* [Aim of the exercise]
Read the entries below and pull out each line with the string "время".

* [Data provided]
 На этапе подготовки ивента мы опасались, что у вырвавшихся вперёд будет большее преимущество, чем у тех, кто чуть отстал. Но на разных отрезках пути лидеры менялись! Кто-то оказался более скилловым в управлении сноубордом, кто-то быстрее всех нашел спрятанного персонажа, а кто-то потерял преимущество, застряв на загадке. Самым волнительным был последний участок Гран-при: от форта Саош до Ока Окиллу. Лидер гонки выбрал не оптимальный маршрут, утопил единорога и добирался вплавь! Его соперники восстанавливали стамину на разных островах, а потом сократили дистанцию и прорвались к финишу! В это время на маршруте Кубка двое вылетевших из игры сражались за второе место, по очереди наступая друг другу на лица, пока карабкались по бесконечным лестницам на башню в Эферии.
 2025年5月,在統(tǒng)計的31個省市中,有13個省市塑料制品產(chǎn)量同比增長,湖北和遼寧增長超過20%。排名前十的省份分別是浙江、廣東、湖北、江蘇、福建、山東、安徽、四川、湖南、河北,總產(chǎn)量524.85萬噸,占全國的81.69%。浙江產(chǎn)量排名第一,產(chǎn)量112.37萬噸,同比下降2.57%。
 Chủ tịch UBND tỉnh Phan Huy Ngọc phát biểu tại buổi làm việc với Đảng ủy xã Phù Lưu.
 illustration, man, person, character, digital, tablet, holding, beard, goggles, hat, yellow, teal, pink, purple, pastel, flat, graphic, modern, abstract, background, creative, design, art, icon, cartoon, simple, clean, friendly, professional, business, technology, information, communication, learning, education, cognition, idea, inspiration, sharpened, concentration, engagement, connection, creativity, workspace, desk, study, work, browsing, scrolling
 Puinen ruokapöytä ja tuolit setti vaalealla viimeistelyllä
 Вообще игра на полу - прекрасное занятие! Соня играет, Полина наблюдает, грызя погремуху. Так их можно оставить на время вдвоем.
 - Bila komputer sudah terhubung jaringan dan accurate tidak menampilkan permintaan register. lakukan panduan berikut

---

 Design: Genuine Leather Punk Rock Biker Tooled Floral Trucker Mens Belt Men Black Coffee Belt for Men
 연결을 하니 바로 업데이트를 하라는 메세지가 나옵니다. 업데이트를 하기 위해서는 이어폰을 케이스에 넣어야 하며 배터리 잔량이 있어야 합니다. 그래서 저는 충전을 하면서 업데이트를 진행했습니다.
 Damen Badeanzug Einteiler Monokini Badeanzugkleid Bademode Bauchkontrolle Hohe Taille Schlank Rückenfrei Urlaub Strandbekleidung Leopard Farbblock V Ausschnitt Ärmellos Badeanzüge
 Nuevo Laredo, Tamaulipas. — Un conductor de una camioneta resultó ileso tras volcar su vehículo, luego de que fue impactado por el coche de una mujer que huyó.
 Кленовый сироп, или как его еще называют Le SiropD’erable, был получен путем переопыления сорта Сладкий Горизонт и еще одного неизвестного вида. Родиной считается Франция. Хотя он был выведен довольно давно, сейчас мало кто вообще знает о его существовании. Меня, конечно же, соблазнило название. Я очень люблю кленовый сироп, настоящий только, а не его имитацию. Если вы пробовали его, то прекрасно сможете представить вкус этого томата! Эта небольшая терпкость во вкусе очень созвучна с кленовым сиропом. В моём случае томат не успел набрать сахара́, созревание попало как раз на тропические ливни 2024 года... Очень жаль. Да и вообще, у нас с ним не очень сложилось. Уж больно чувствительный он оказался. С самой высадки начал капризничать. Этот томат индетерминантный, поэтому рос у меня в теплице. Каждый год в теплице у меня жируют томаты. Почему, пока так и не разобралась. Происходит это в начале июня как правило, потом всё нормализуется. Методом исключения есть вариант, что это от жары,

--

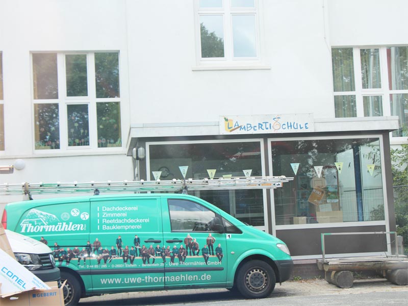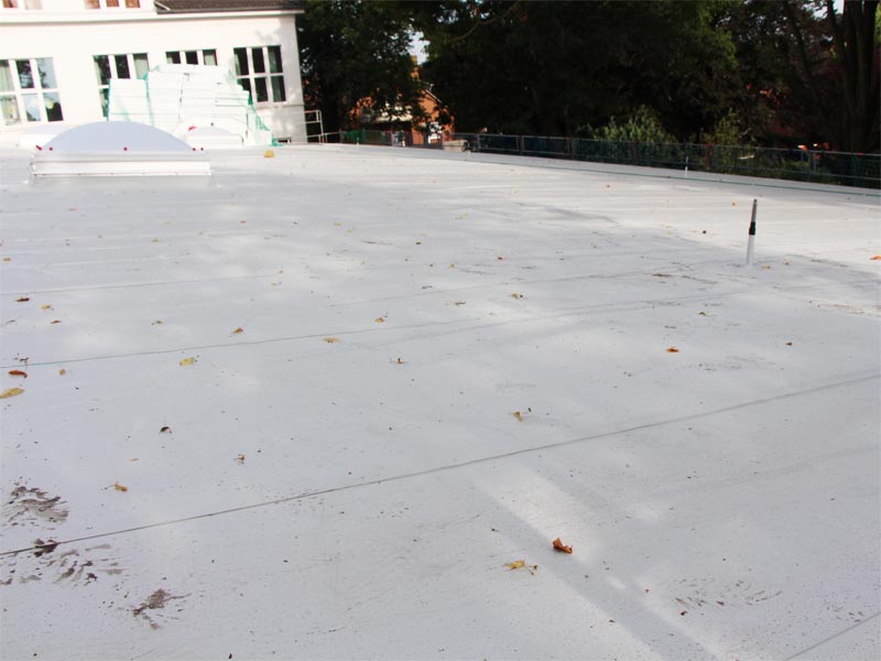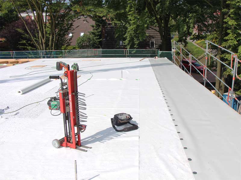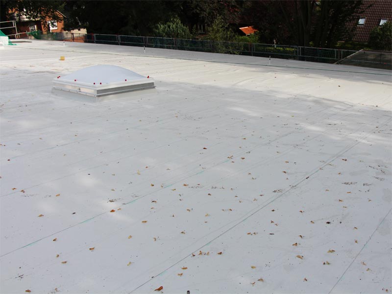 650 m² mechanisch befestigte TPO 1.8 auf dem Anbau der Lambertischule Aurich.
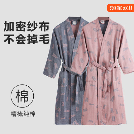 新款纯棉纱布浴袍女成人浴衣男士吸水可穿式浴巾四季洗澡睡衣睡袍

* [Output]
 На этапе подготовки ивента мы опасались, что у вырвавшихся вперёд будет большее преимущество, чем у тех, кто чуть отстал. Но на разных отрезках пути лидеры менялись! Кто-то оказался более скилловым в управлении сноубордом, кто-то быстрее всех нашел спрятанного персонажа, а кто-то потерял преимущество, застряв на загадке. Самым волнительным был последний участок Гран-при: от форта Саош до Ока Окиллу. Лидер гонки выбрал не оптимальный маршрут, утопил единорога и добирался вплавь! Его соперники восстанавливали стамину на разных островах, а потом сократили дистанцию и прорвались к финишу! В это время на маршруте Кубка двое вылетевших из игры сражались за второе место, по очереди наступая друг другу на лица, пока карабкались по бесконечным лестницам на башню в Эферии.
 Вообще игра на полу - прекрасное занятие! Соня играет, Полина наблюдает, грызя погремуху. Так их можно оставить на время вдвоем.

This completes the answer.